A groundbreaking study recently published in the prestigious journal Cell Reports Medicine has unveiled the intricate microbial signatures within the human oral cavity and gut that serve as highly reliable biomarkers for the early detection of gastric cancer (GC). This landmark investigation offers a profound leap forward in our understanding of the microbiome’s role in oncogenesis, revealing a critical oral-to-gut bacterial transmission pathway and its direct implication in tumor progression.

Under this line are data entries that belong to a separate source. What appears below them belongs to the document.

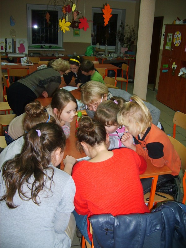 Z pomocą naszych specjalistek wszystko udało się jednak znakomicie. Nie jedno słowo w gwarze śląskiej sprawiło nam kłopot, ale po dłuższych dyskusjach ustalaliśmy ich znaczenie.Z największą niecierpliwością czekaliśmy jednak na „QUIZ ŚLĄSKI" ze znajomości pojęć, słów i zwyczajów śląskich. Powodem owej niecierpliwości były oczywiście cukierki, które czekały na zdobywców największej ilości punktów. Byliśmy podzieleni na dwie grupy. Rywalizacja była niesamowita, a kolejne zadania zaskakiwały nas coraz bardziej... W czasie rozwiązywania quizu było wiele śmiechów, ale najbardziej zaskoczyło nas to, że czasem trzeba solidnie się „nagłówkować", aby dobrze przetłumaczyć słowa w gwarze śląskiej. Przykładowo: kto z przeglądających stronę GOK'u wie, jak określić kto to jest „miglanc" lub co oznacza „okludzić". A wiecie co jest głównym składnikiem zupy „wodzionki"? Odpowiedzi nie podajemy, niech również inni mieszkańcy naszej gminy mają szansę pomyśleć... Pielęgnujmy naszą gwarę, bo jakże jest ciekawa, czasem zabawna i wcale nie taka prosta jakby się wydawało... Życzymy powodzenia w „godaniu"
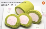 抹茶の生地で桜のクリームを一巻きにした春限定のロールケーキ。
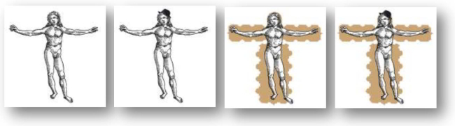 Man kann etwa sagen: Lassen wir den alten Rahmen einmal weg und orientieren wir uns nur am Menschen. Wie würde der vitruvianische Mensch als Sol invictus aussehen und wie als Hipster? Und wie macht sich der vitruvianische Mensch als Hipster mit dem Goldglanz des Sol invictus? Oder orientieren wir uns am gerahmten goldenen Glanz: Was ändert so eine goldene Füllung eigentlich am Erscheinungsbild einer Inszenierung und wird sie durch den Kontrast mit Mode-Accessoires in Frage gestellt oder bestätigt? Und würde uns die Ironisierung stören?
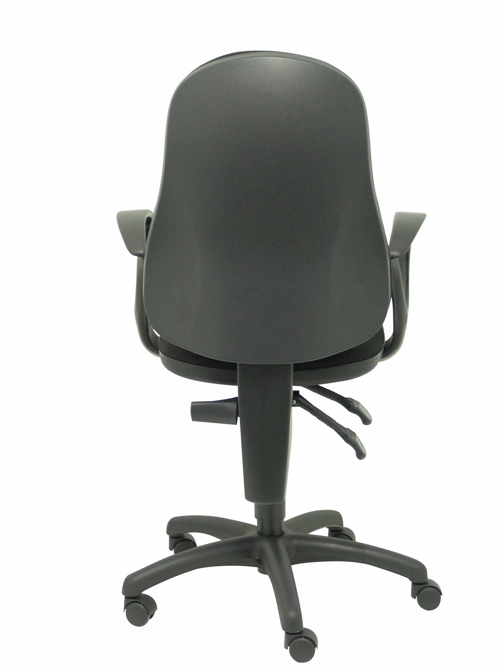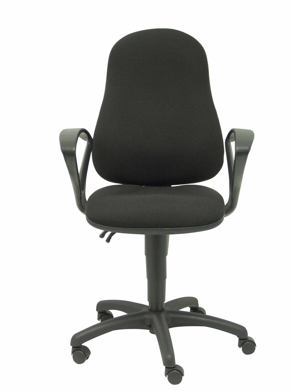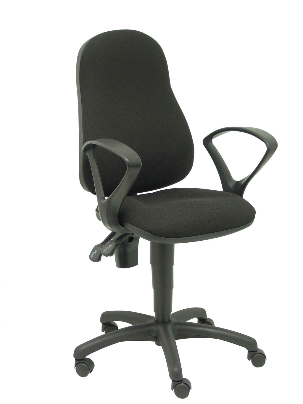 Asiento y respaldo tapizados en tejido ARAN color negro. Brazos fijos incluidos. Mecanismo de contacto permanente de doble maneta. Regulación del respaldo en altura e inclinación. Regulable en altura mediante cilindro de gas. Giratoria 360º. Telescópico color negro. Base poliamida de alta resistencia de 5 radios y 60 cm de diametro, en color negro. Ruedas autofrenantes de nailon. Favorece una buena postura integral para evitar posibles problemas de espalda. Ergonómica.
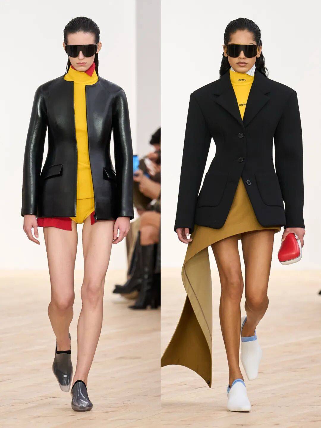 本季创新:LOEWE将透明PVC材质与亮色结合,搭配几何跟型,兼具复古趣味与现代摩登感,强化夏日活力氛围。
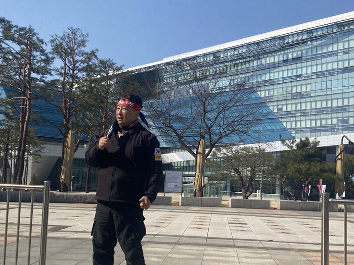 3월 4일 오후 2시, 성남시청 앞에서 진행된 집회에는 성남평화연대 회원들과 진보당 관계자들이 함께해 눈길을 끌었다.
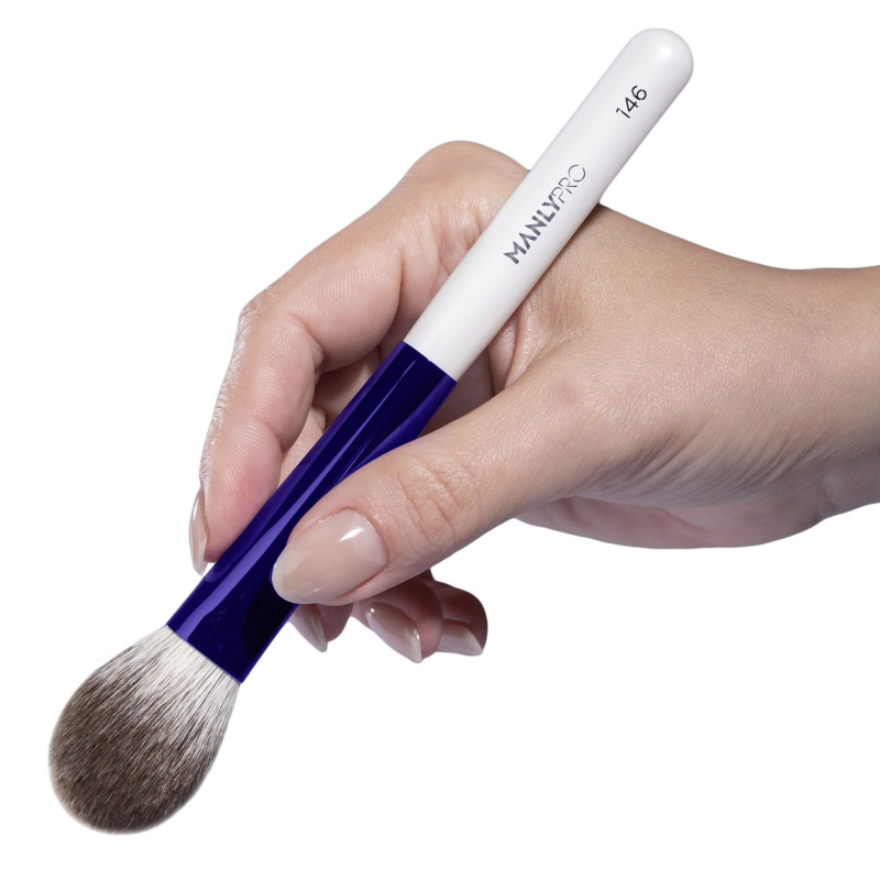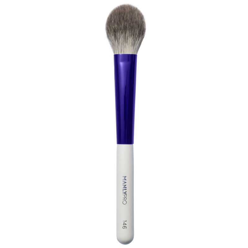Кисть средняя плоская для пудры, румян и хайлайтеров из ворса полярной лисы.
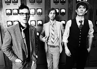 Hammer No More the Fingers is a three-piece rock band from Durham, North Carolina. Formed on January 1, 2007, the band consists of Duncan Webster (vocals, bass), Joe Hall (guitar, vocals), and Jeff Stickley (drums, vocals). The band released a self-titled EP in November 2007, and issued its first full-length album Looking For Bruce on Churchkey Records in April 2009.[1] and on Inhaler Records in February 2010.
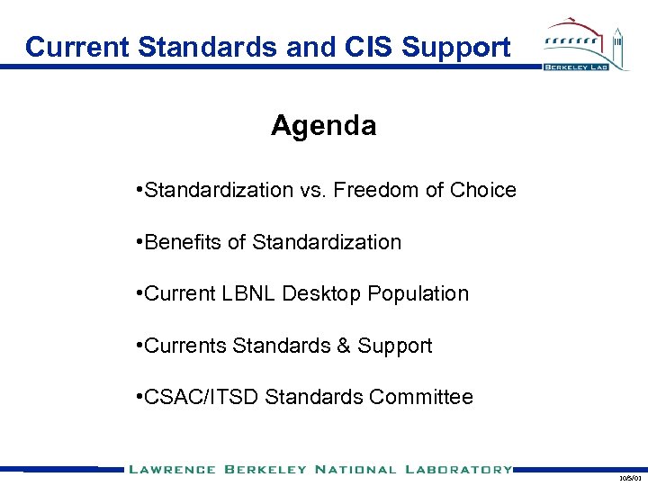 Current Standards and CIS Support Agenda • Standardization vs. Freedom of Choice • Benefits of Standardization • Current LBNL Desktop Population • Currents Standards & Support • CSAC/ITSD Standards Committee 10/5/01
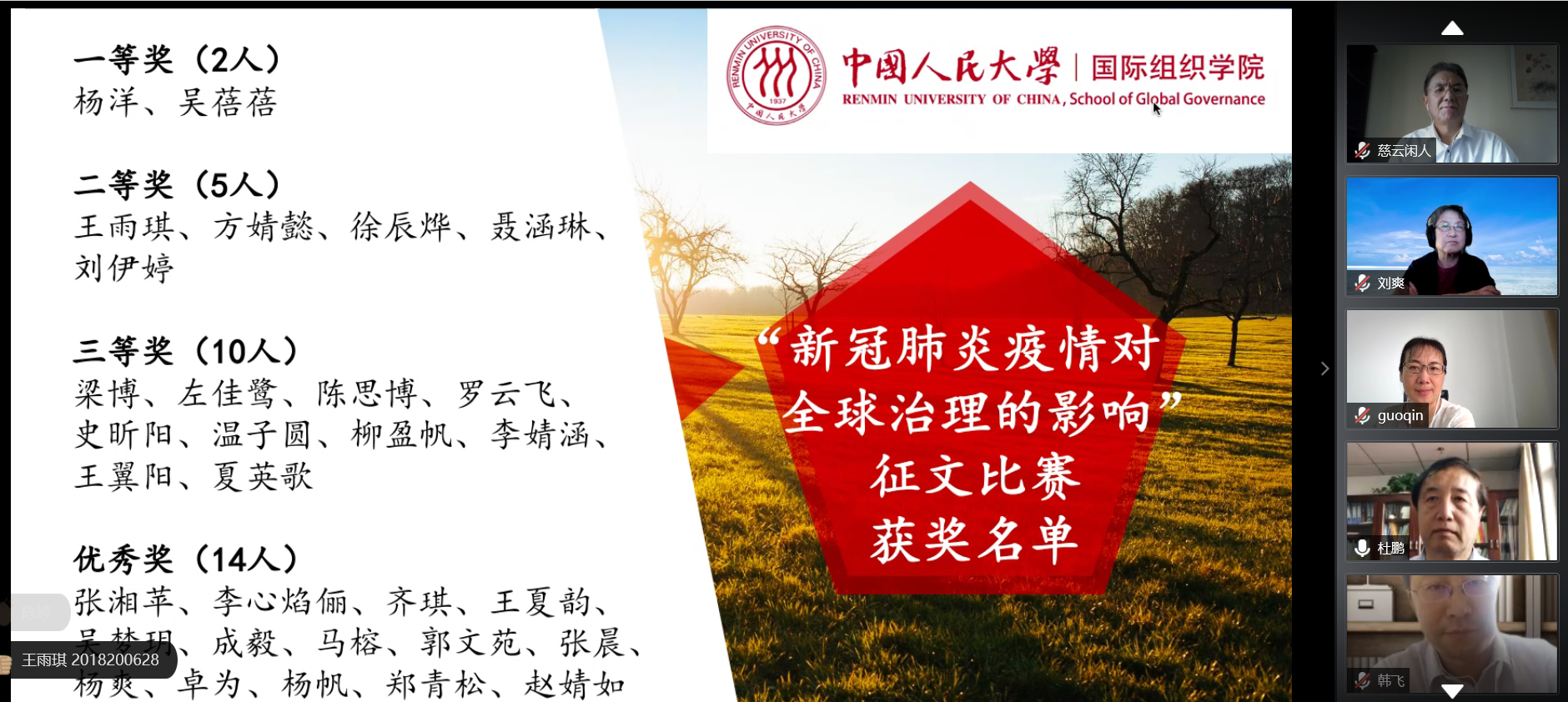 随后,时延安院长宣读了由学院举办的“新冠肺炎疫情对全球治理的影响”征文比赛获奖名单。
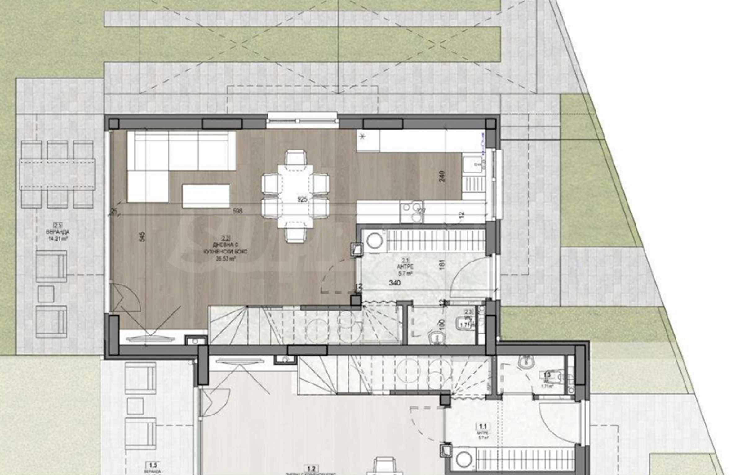 • the joinery is high-quality PVC /for houses of type B, D and E/ and aluminum joinery /for houses;
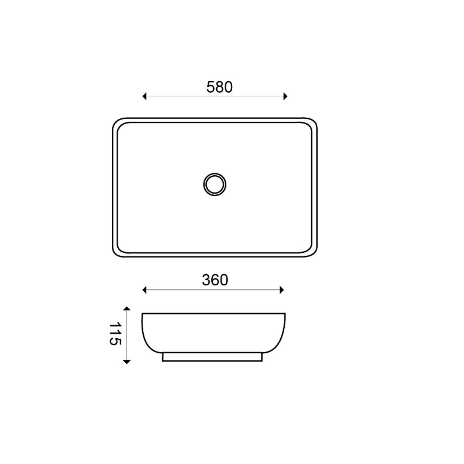 Uit de serie Mark komt deze fraaie mat witte opzetwastafel van BWS. Hij is 58cm breed, 36cm diep en 11,5 cm hoog.
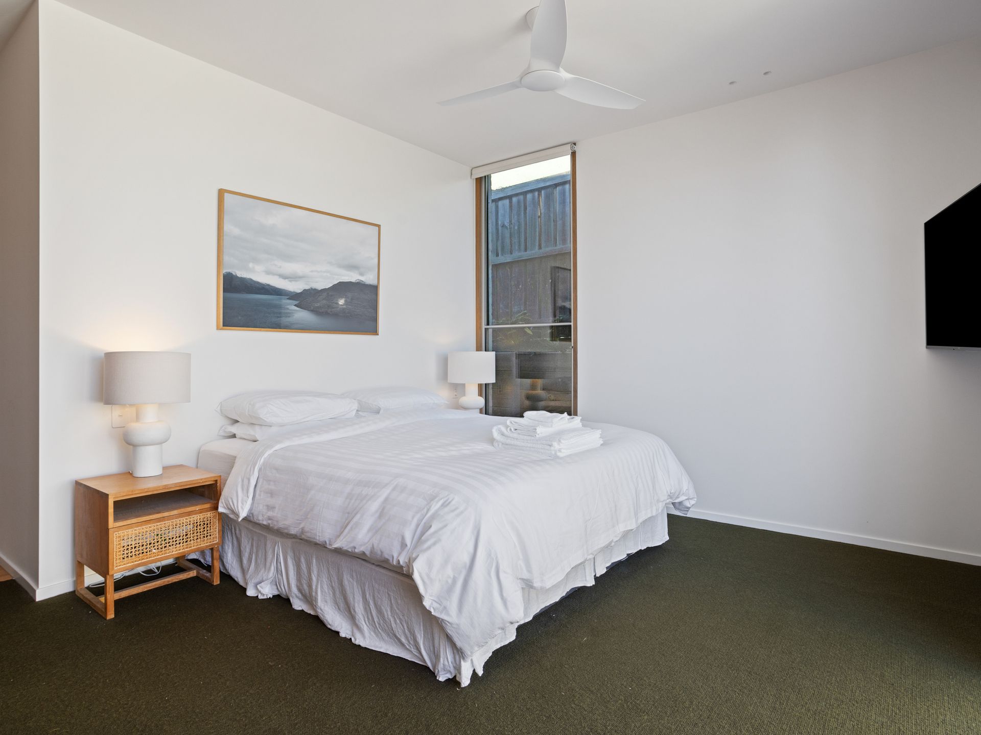 Two of the bedrooms enjoy private ensuites, while the remaining two bedrooms share access to a central bathroom. Each bedroom is styled with premium bedding, luxurious linen, and calming design elements to create a peaceful sanctuary for guests.

Researchers from BGI Genomics collaborated with the esteemed academician Fang Jingyuan and his team at Renji Hospital, affiliated with Shanghai Jiao Tong University School of Medicine, to decode the complex microbial interplay underlying gastric carcinogenesis. Leveraging extensive metagenomic sequencing, the study meticulously analyzed 404 clinical samples, unveiling a profound taxonomic shift in the microbiomes of gastric cancer patients when compared to healthy controls.
The study identified 28 bacterial species exhibiting significant differential abundance, with 23 species notably enriched in gastric cancer patients. Among these enriched species, a striking 20 were shared between the oral cavity and the gut microbiome, suggesting a translocation phenomenon. These typically oral-resident bacteria were not simply present but actively proliferating within the gut environment of cancer patients, challenging previous assumptions about spatial microbial confinement.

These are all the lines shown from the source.